14. Related Party Transactions:
As per accounting standard 18 (AS-18) Related party disclosures, notified in the companies (Accounting Stan- dards) Rules 2006, the disclosure of transactions with the related parties defined in AS-18 are given below;
1. Key Managerial Personnel:
a) Dr. Prashant Vikram
b) Dr. Nishita Sheth
c) Mr. Pritesh Doshi
Further following Related Party Transactions were noticed during the year:
a) Bandra Clinic premises owned by Dr. Nishita Sheth - M.D. has been taken on Leave and Licence basis by the Company w.e.f26/12/2011. Monthly rent is Rs. 100000/-. (Advance deposit of Rs. 10 lacs made by the Company to her).

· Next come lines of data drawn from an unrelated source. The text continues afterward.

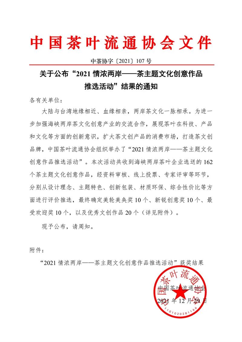 據(jù)悉,“2021情濃兩岸一一茶主題文化創(chuàng)意作品推選活動”是由中國茶葉流通協(xié)會舉辦,以進一步加強海峽兩岸茶文化創(chuàng)意產(chǎn)業(yè)的交流與合作,展開茶葉在科技、文化等方面的創(chuàng)新意識,擴大茶文創(chuàng)產(chǎn)品的消費市場,打造茶文創(chuàng)品牌,為兩岸茶行業(yè)發(fā)展提供溝通平臺。經(jīng)資料審核、線上投票、專家評審等環(huán)節(jié),分別根據(jù)茶主題文化創(chuàng)意作品的設計理念、主題特色、創(chuàng)新包裝、材質(zhì)環(huán)保、綜合性價比等方面進行評價推選,確定出最終的獲獎產(chǎn)品。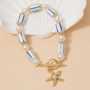 Pearl And Ceramic Beads Starfish Toggle Chain Bracelet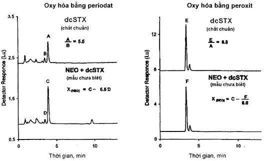 C, D, và F là diện tích pic của mẫu chưa biết bị nhiễm dcSTX và NEO sau khi oxy hóa bằng periodat (pic C, pic D) và peroxil (pic F).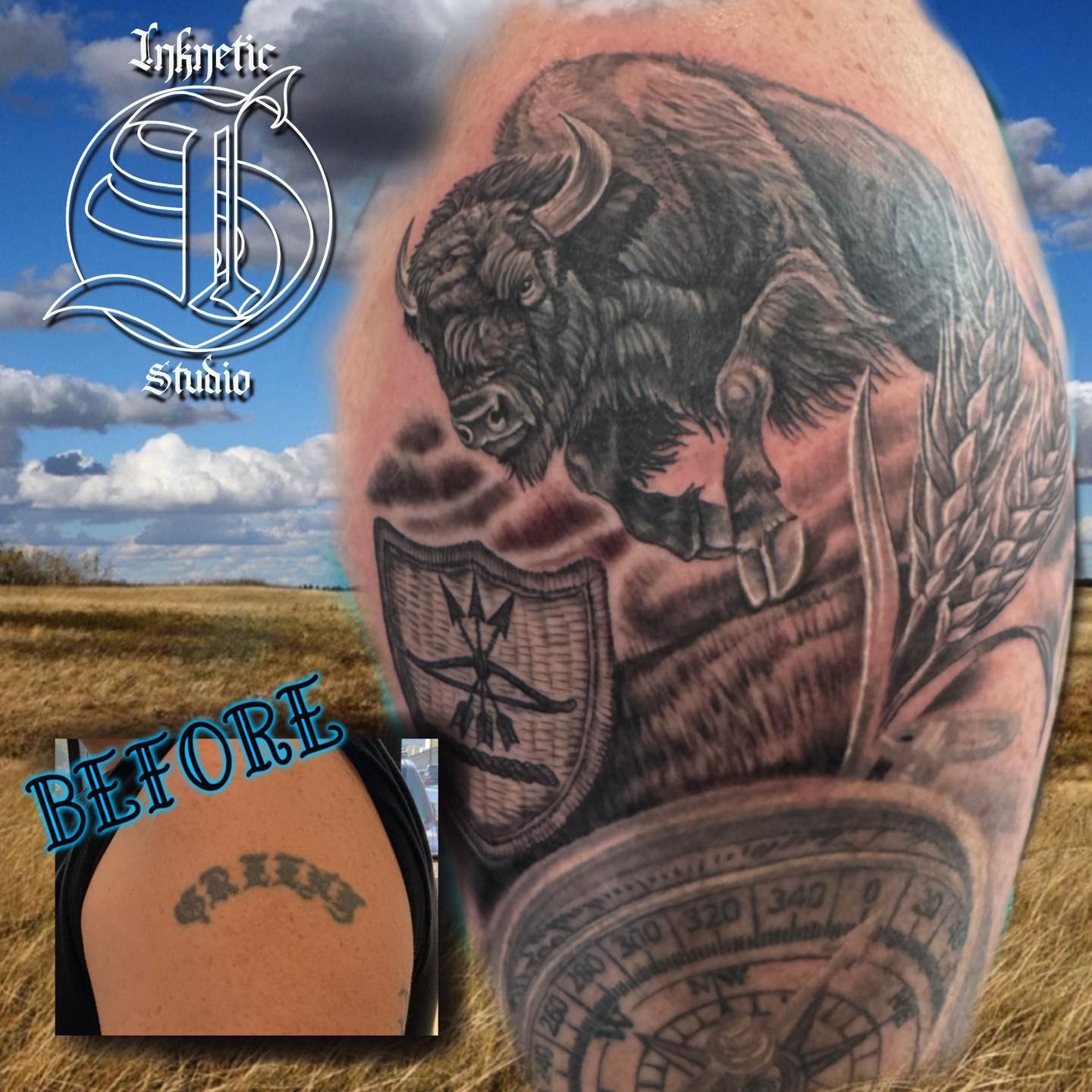 One year into my tattoo career, I was featured in the tattoo magazine, "Tattoo for Men". That's when I started to really take off as an artist. I traveled around to conventions when I could- Having multiple tattoos win awards. Also, meeting artists that inspire me to work harder. Putting many years in the shop I learned a lot and with the help of my wife Heather we decided to go out and start our own studio (Inknetic Studio). This is where I now focus on my craft, in my own environment. I enjoy almost every style tattooing. I really like animal portraits and watercolors. It's also super fun to do the really out there colorful illustrative tattoos. Smooth black & grey is always a blast too! Also, I specialize in cover ups and tattoo redo's. As a 20+ year tattoo artist, I try my best to make my client happy and to enjoy what they have on their bodies.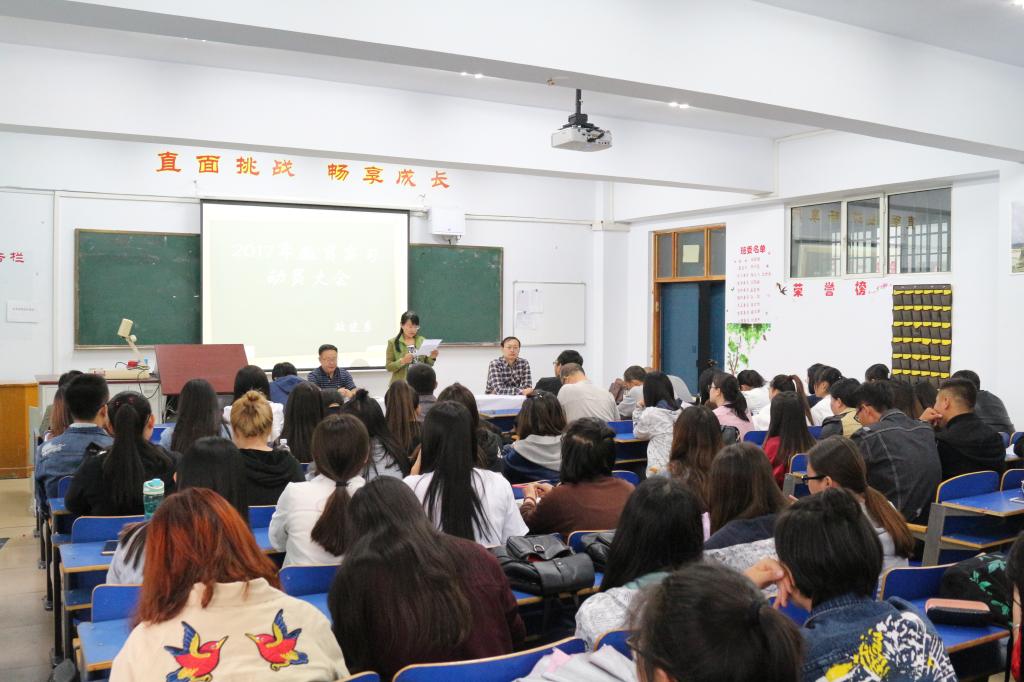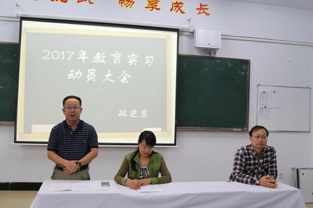 政史系主任杨福和作了动员讲话,要求各学生充分认识教育实习的重要性,端正态度,做好实习工作,珍惜实习机会,以虚心好学、主动勤奋、认真严谨的态度做好实习工作,时刻把安全放在首位,提高安全防范意识。

b) Furniture at Bandra Clinic owned by Dr. Prashant Vikram - Chairman has been taken on Leave and Licence basis by the Company w.e.f.26/12/2011 on monthly rent of Rs.75,000/-.(Advance deposit of Rs.5 lacs made by the Company to him).
c) Company has advanced a total sum of Rs.10,35,407/- to various parties for Furniture (Bandra Office) on behalf of Dr. Prashant Vikram to be recovered from him & as on 31/03/2013 at sumofRs.485407/- is due from him.
15. Earnings (Loss) Per Share:
Basic EPS - (0.07) = 438258 (Net Profit attributable to Shareholders) / 6000000 (Weighted Avg. No of Equity Shares)
Diluted EPS - (0.07) = 438258 (Net Profit attributable to Shareholders) / 6000000 (Weighted Avg. No of Equity Shares) -
Diluted EPS is similar to Basic EPS as there are no potential equity share as on date.
16. Miscellaneous Expenditure
Preliminary Expenses incurred by Company is written off during the year in view of AS26 (Para 56). Further management has decided not to write off Public Issue Expenses during the year of Issue and to write off the same over a period of 5 years.